Saks Fifth Avenue Files for Bankruptcy: Did 'Sex and the City' Fail to Save It?
Saks Fifth Avenue files for bankruptcy in 2026

The glittering world of designer handbags and Manolo Blahniks has received a stark reality check. The parent company of the legendary Saks Fifth Avenue department store has filed for bankruptcy, casting doubt over the future of its flagship Manhattan location and signalling the end of an era for aspirational shopping.

A Love Story That Never Quite Was

In a poignant twist for retail romantics, Saks's financial downfall highlights a curious pop-culture absence. Unlike its rivals Barneys, Bloomingdale’s, and Bergdorf Goodman, which became synonymous with Carrie Bradshaw and her friends, Saks Fifth Avenue never secured a starring role in the Sex and the City universe. It was, as one commentator put it, never Carrie's retail equivalent of Mr Big—a passionate, recurring obsession.

The store sought to rectify this missed opportunity with gusto when the sequel series, And Just Like That, launched. A major collaboration dubbed "SaksAndTheCity" featured immersive Fifth Avenue window displays and digital experiences, finally aligning the brand with Carrie and her cohort.

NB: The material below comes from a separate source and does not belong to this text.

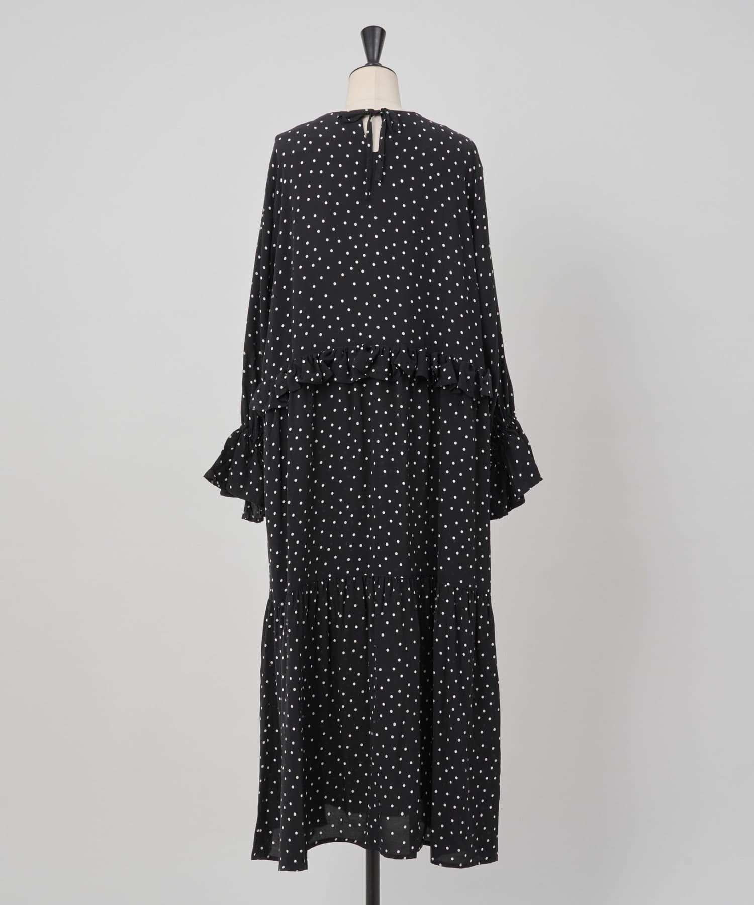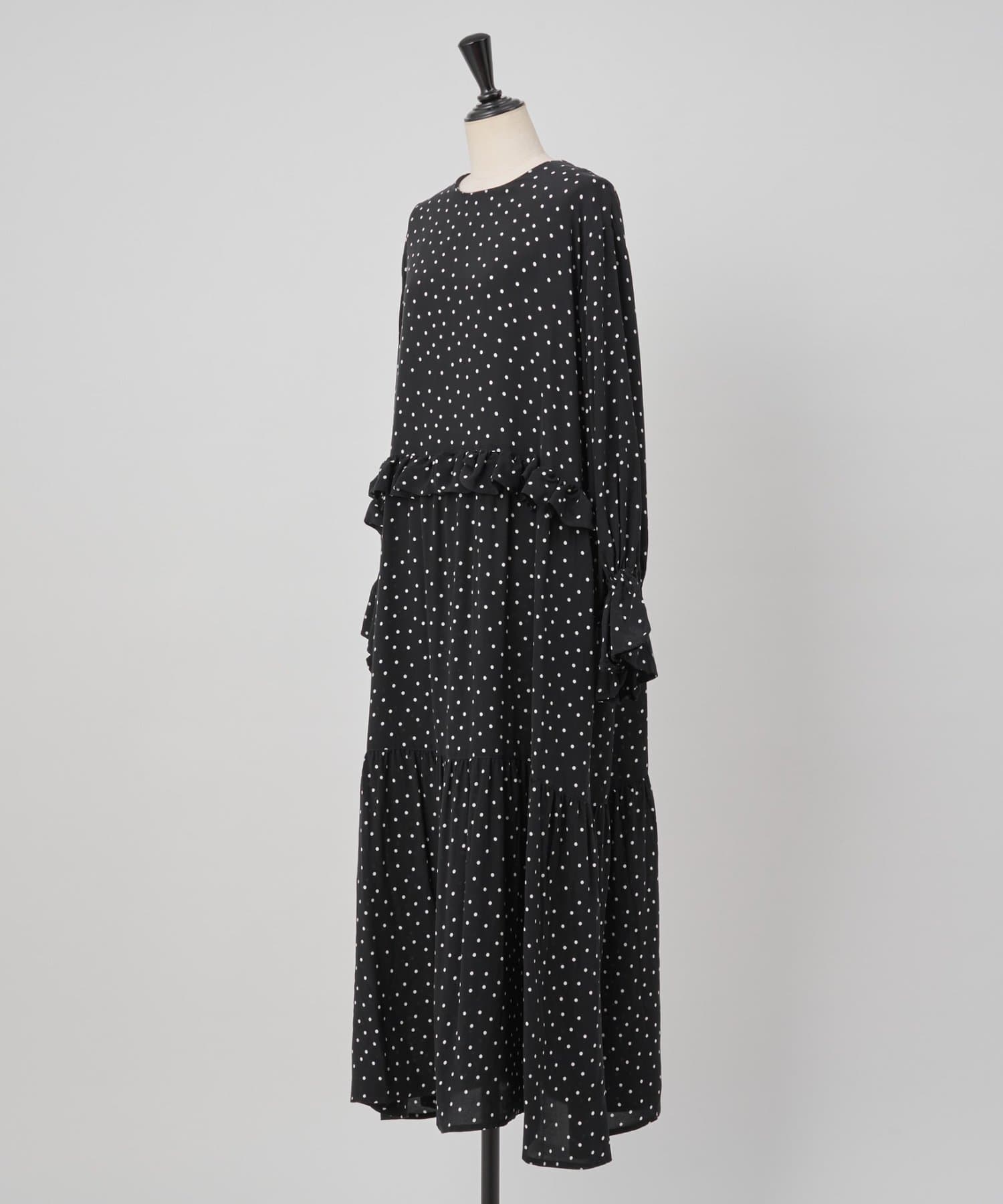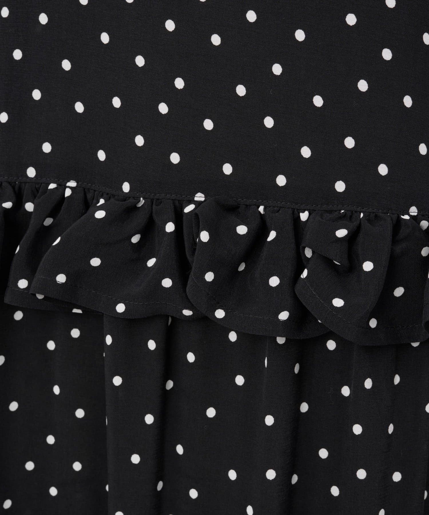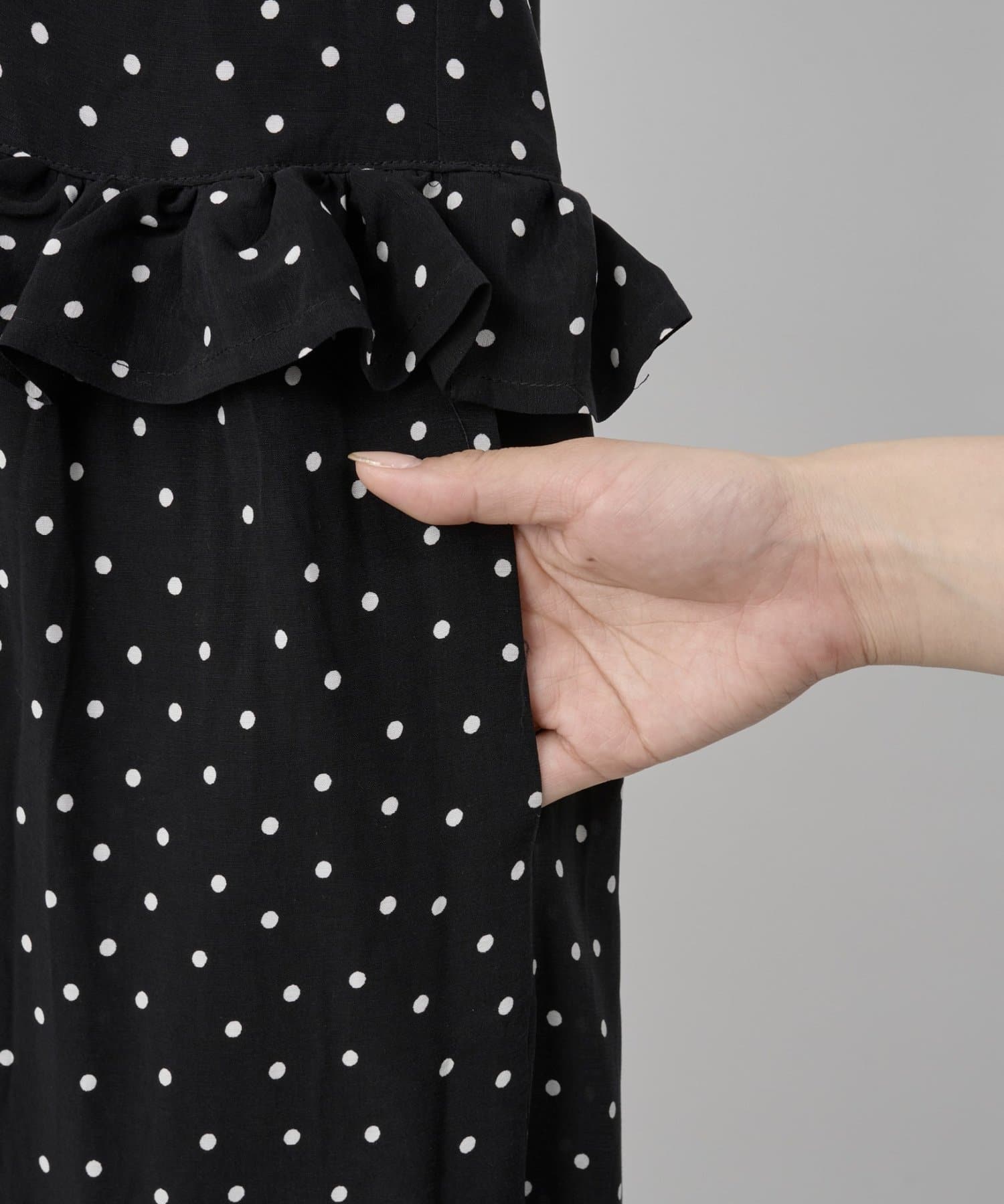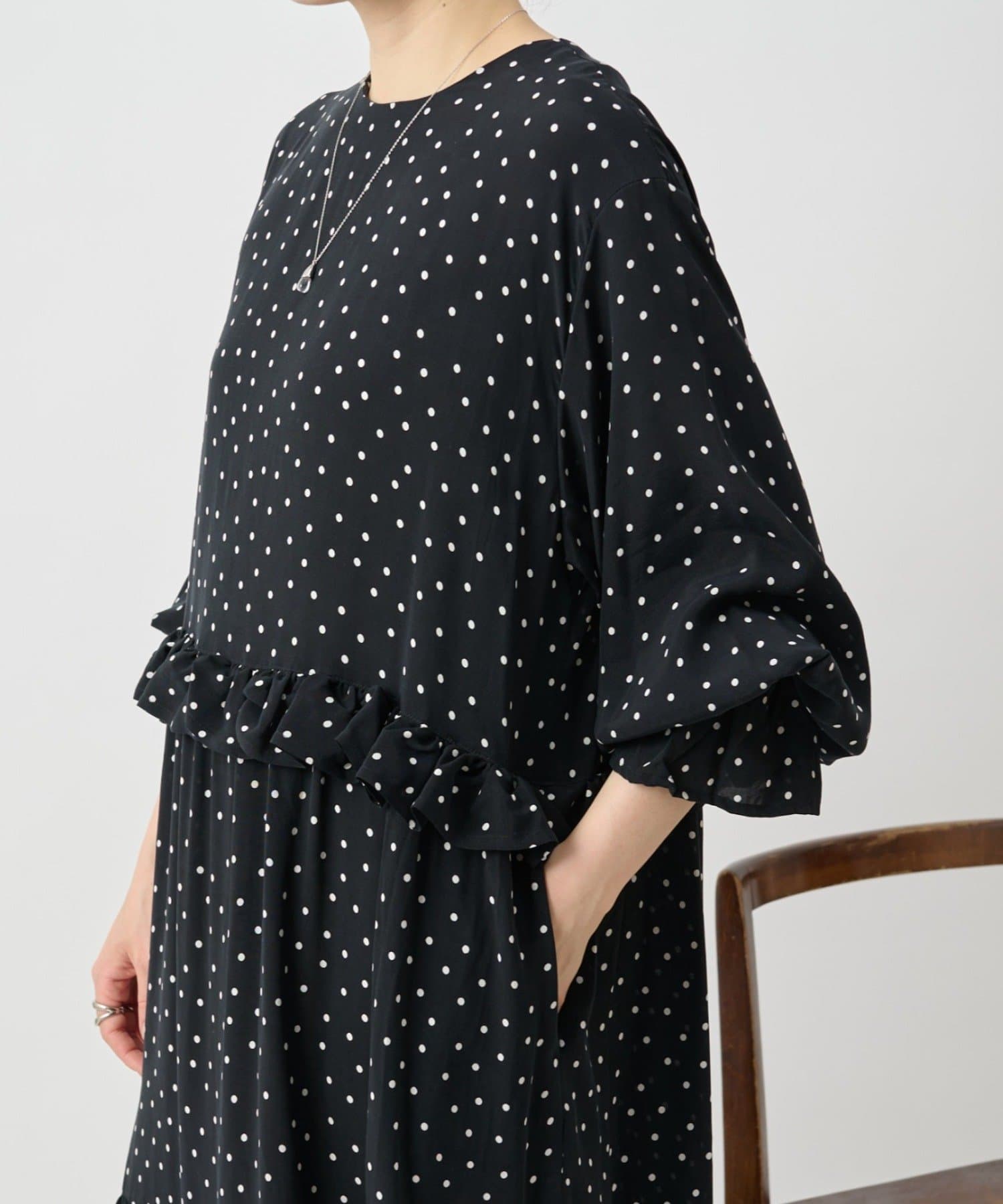 ランダムドット柄が目を惹く、華やかなフリルコンビワンピース。

The displays showcased iconic relics from the original series: Carrie's Fendi baguette, a cosmopolitan cocktail, and the voluminous Vivienne Westwood wedding dress from her abandoned nuptials.

A Collaboration Out of Time

However, this flashy partnership now appears as a glaring warning sign. The memorabilia celebrated the noughties heyday of the original show, not its 2020s revival. More critically, it failed to resonate with a profoundly changed audience. The show itself ended in 2025, with showrunner Michael Patrick King describing its conclusion as being in "a wonderful place."

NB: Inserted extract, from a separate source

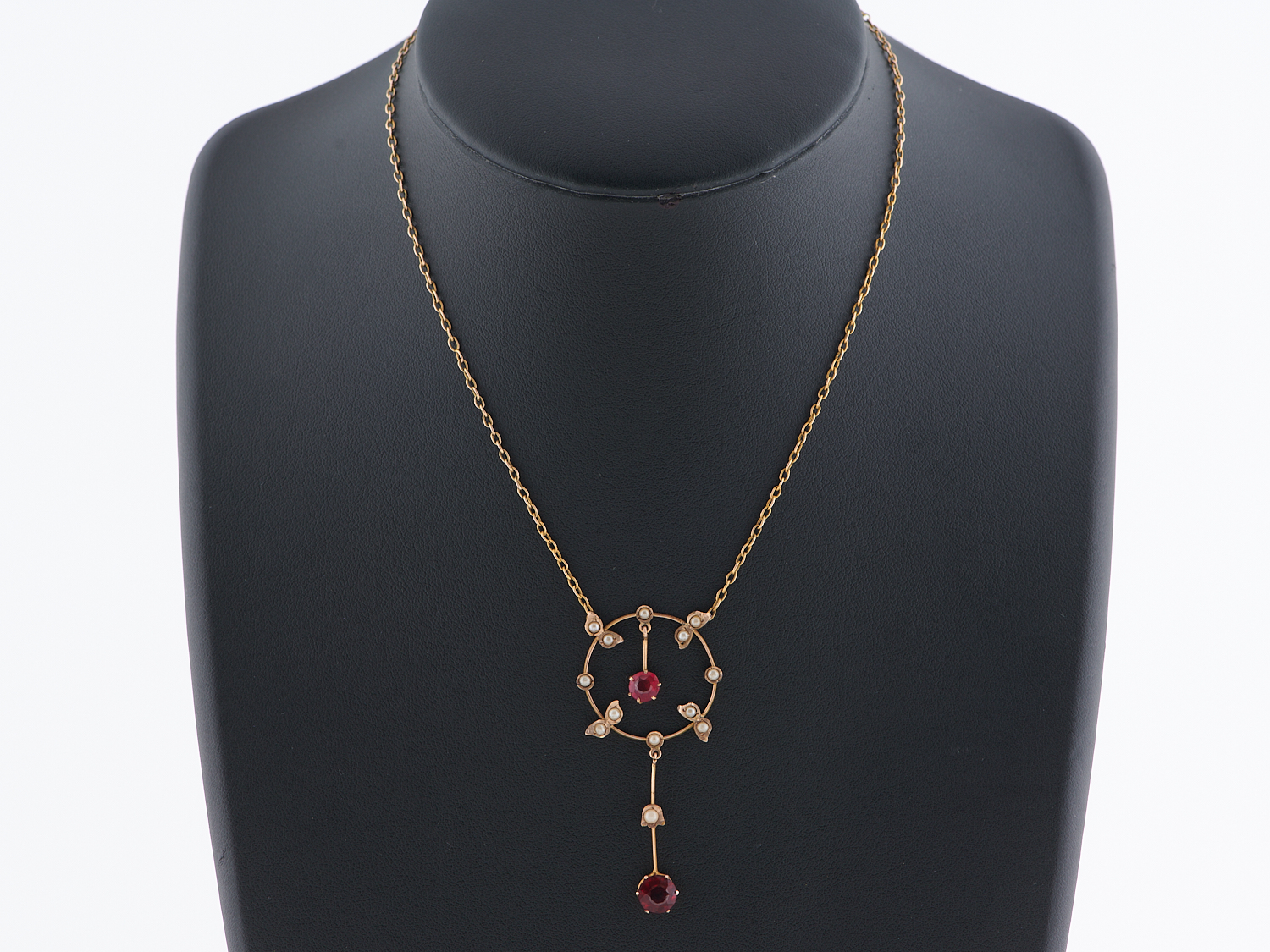 AN ANTIQUE PASTE AND SEED PEARL SET LAVALLIERE NECKLACE IN 9CT GOLD, LENGTH 390MM, 4.06GMS, WITH VALUATION

Meanwhile, the economic landscape had shifted dramatically. A Barclays Consumer Spend report from December 2025 revealed that 47 per cent of consumers were actively cutting discretionary spending, with new clothing at the top of the list for cutbacks. In a telling sign of changed priorities, furniture and garden centres enjoyed a robust year—a far cry from the shoe-fuelled fantasies of Carrie's thirties.

Growing Up and Moving On

The core issue was a demographic disconnect. The women who adored Carrie's frivolous spending in the early 2000s have matured, grappling with mortgages, teenage children, divorce, and the realities of an age of austerity. The fantasy of storing cashmere in the oven has been replaced by the need for financial security. A Post-it note is no longer a tragic symbol of a breakup, but a vital reminder to buy toilet roll during perimenopause.

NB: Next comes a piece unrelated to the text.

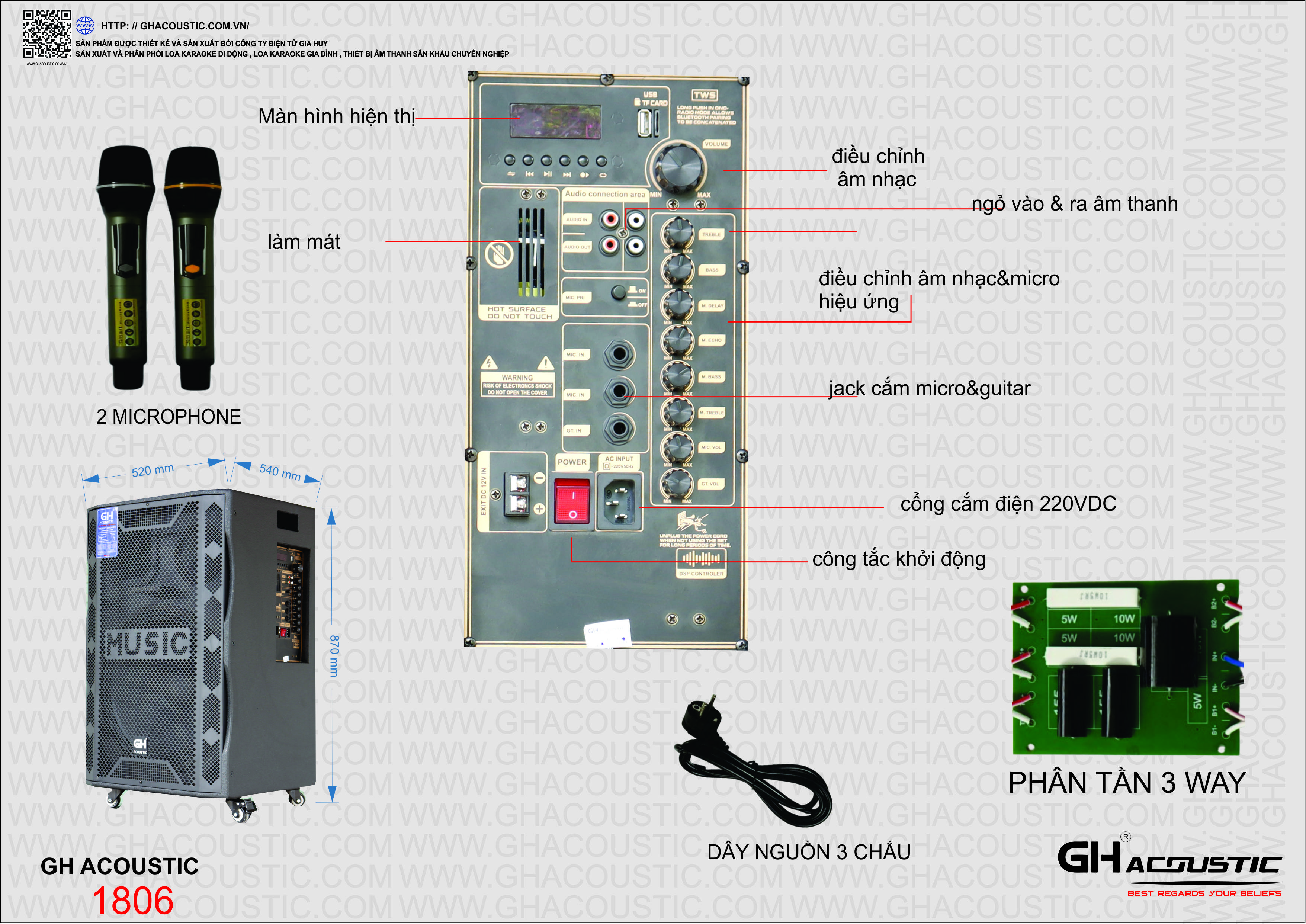 Sự kết hợp hoàn hảo giữa chất lượng âm thanh tuyệt vời, thiết kế dạng gấp tiện dụng và tính năng vượt trội, loa kéo 1806 là một trong những sản phẩm loa karaoke di động đang được ưa chuộng tại thị trường Việt Nam. Với khả năng tái tạo âm thanh mạnh mẽ, bass sâu, mid và treble rõ nét, 1806 hứa hẹn mang đến cho bạn những trải nghiệm hát karaoke đỉnh cao, dù là trong các buổi tiệc gia đình hay sự kiện ngoài trời.

As the characters in And Just Like That evolved—with Carrie even relocating to Virginia—their audience's relationship with luxury consumption transformed. The collaboration attempted to position Saks as a timeless Mr Big, but in hindsight, the store may have been more akin to the character Aidan: a safe, nice-looking choice from the 2000s that proved disastrous in the sequel. The store, it seems, failed to realise its target audience had shifted from Jimmy Choo to Dr Scholl.

The bankruptcy filing, reported on Thursday 15 January 2026, marks a sobering moment for retail. It underscores that in today's economy, even the most glamorous of brands cannot survive on nostalgia alone if they fail to adapt to the practical and financial realities of their customers' lives.